To sum up, IPv6 autoconfiguration is deactivated, br0 run over the physical schema at the top of this question with STF enabled over IP network 192.168.88.0/21. Bridge br1 is set to not flood the network and not learn from incoming frames. Also, STP and ARP are deactivated. Instead, "routing/switching" tables needed by the bridge and the IP protocol are manually set when the bridge is setup and no broadcast is necessary to use the network, which would result in a L2 storm. This allows setting up two IPs networks: one (192.168.0.0) sends packets directly from a host to another using a single Ethernet link, the second (192.168.1.0) send packets indirectly from a host to another, i.e., via the third host. This means that not only if 1 Ethernet link is down, any pair of hosts can still contact another (High Availability) but also if all links are working, there are two 10Gb links between any pair of hosts (Aggregation). For the indirect IP network to work, all nodes also need the nft rules below:

/etc/nftables.conf:

#!/usr/sbin/nft -f

flush ruleset

table inet filter {
        chain input {
                type filter hook input priority filter;
        }
        chain forward {
                type filter hook forward priority filter;
        }
        chain output {
                type filter hook output priority filter;
        }
}

table ip iptable {
        chain forward {
                type filter hook forward priority -300; policy accept;
                iif != br drop
        }

        chain prerouting {
                type filter hook prerouting priority -300; policy accept;
                ip daddr 192.168.1.2 ip daddr set 192.168.0.2 ip saddr set 192.168.1.3 accept
                ip daddr 192.168.1.3 ip daddr set 192.168.0.3 ip saddr set 192.168.1.2 accept
        }
}

On top of the iSCSI setup I run over this topology (see this question managed by pacemaker and corosync, I run a Proxmox cluster of 3 nodes on top of IP network 192.168.88.0/21 over br0.

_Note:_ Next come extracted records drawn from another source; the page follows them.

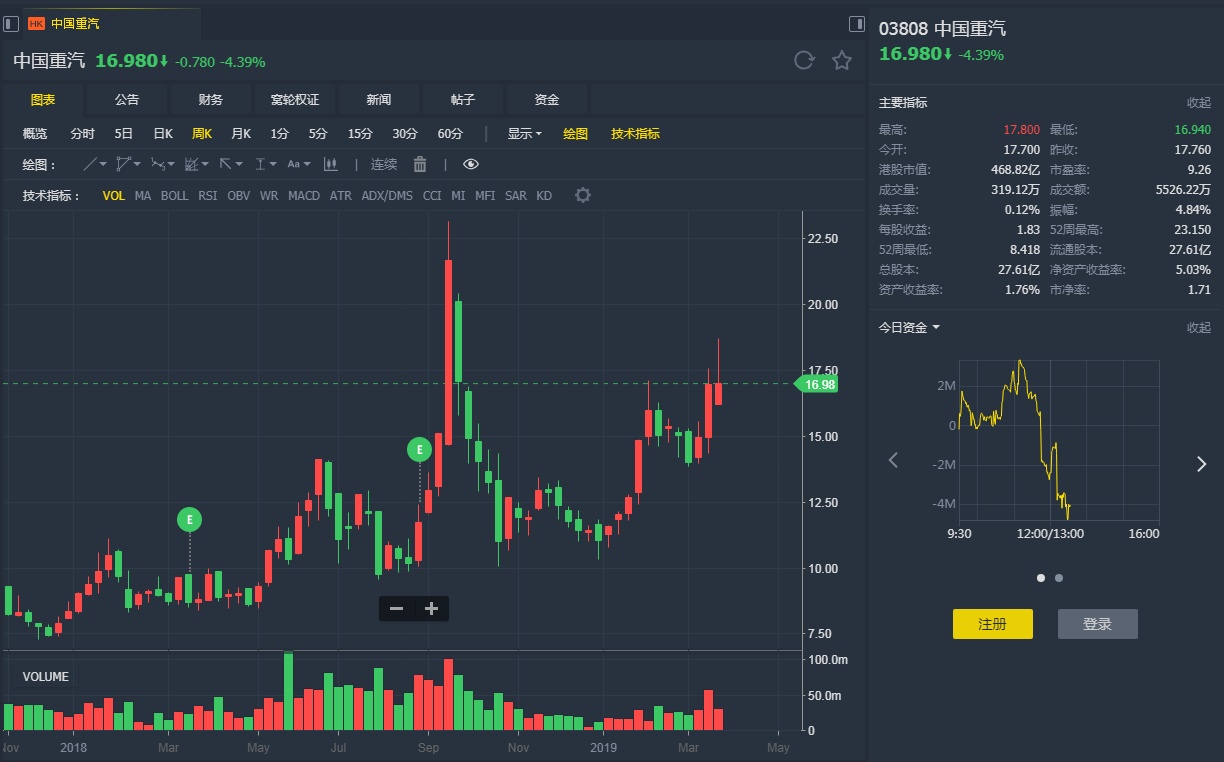 智通财经APP获悉,花旗发表报告称,中国重汽(03808)去年纯利高于该行及市场预测,但收入逊该行预期,由于核心业务(重卡及引擎板块)差于预期,其他分部表现则跑赢。加上成本管控策略见效,该行升重汽2019至2021年各年每股盈测分别5%、9%及9%,以反映毛利率上升,目标价相应自7.5元上调至8元,评级维持“沽售”。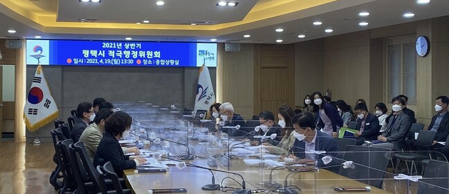 평택시(시장 정장선)는 지난 19일 시청 종합상황실에서 공직사회의 적극행정을 장려하고 시민에게 봉사하는 공직문화를 조성하기 위해 2021년 상반기 적극행정위원회를 개최했다.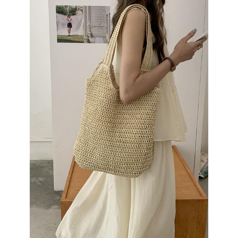 Сумка на одно плечо в стиле отпуска, сумка-тоут, большая вместимость, повседневная ручная плетеная сумка коричневый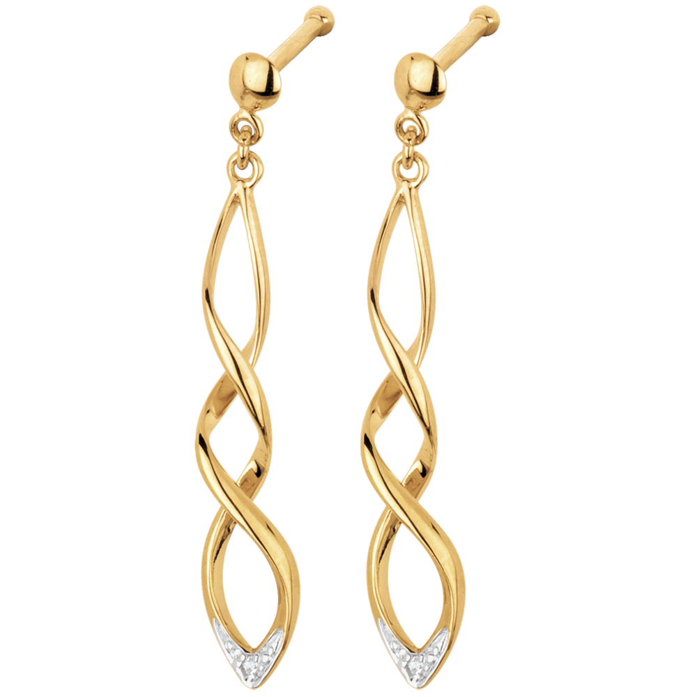 Diese Ohrringe glitzern und funkeln wie Luftschlangen aus Gelbgold und Diamanten. 2 Diamanten : 0.01 Karat - Gelbgold (750/-) : 1.45 g.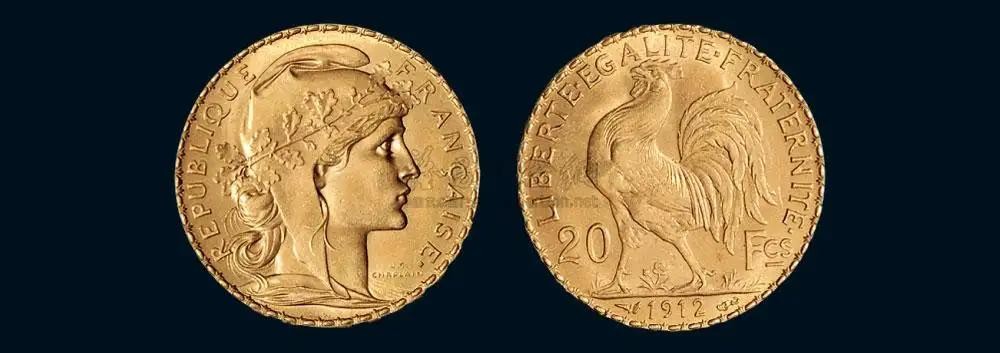 1899年,法国政府为了鼓舞民心,发行了20金法郎的货币,背面就是高卢雄鸡。

I find that if I reboot one of the nodes, the interfaces are very unstable and pings from a node to another via 192.168.64.0/22 or 192.168.68.0/22 begin to fail without ever recovering until I restart all interfaces (eno4 and eno5), bridges (br0 and br1) as well as vlan-tagged interfaces (eno4.4, eno4.6, eno5.4, eno5.6) using ifdown and ifup. Quite often, the connection drops again more or less quickly anyway. When pings fail via 192.168.64.0/22 or 192.168.68.0/22, they still work as expected via 192.168.88.0/21. It tends to be better when I shutdown services corosync and pve-cluster on all nodes, then restart all their network interfaces, but I cannot reliably reproduce this "fix". I could not find useful info on what is happening in the logs that would help me identify the issue, but it feels it has to do with pacemaker. Does anyone have a clue on where to look?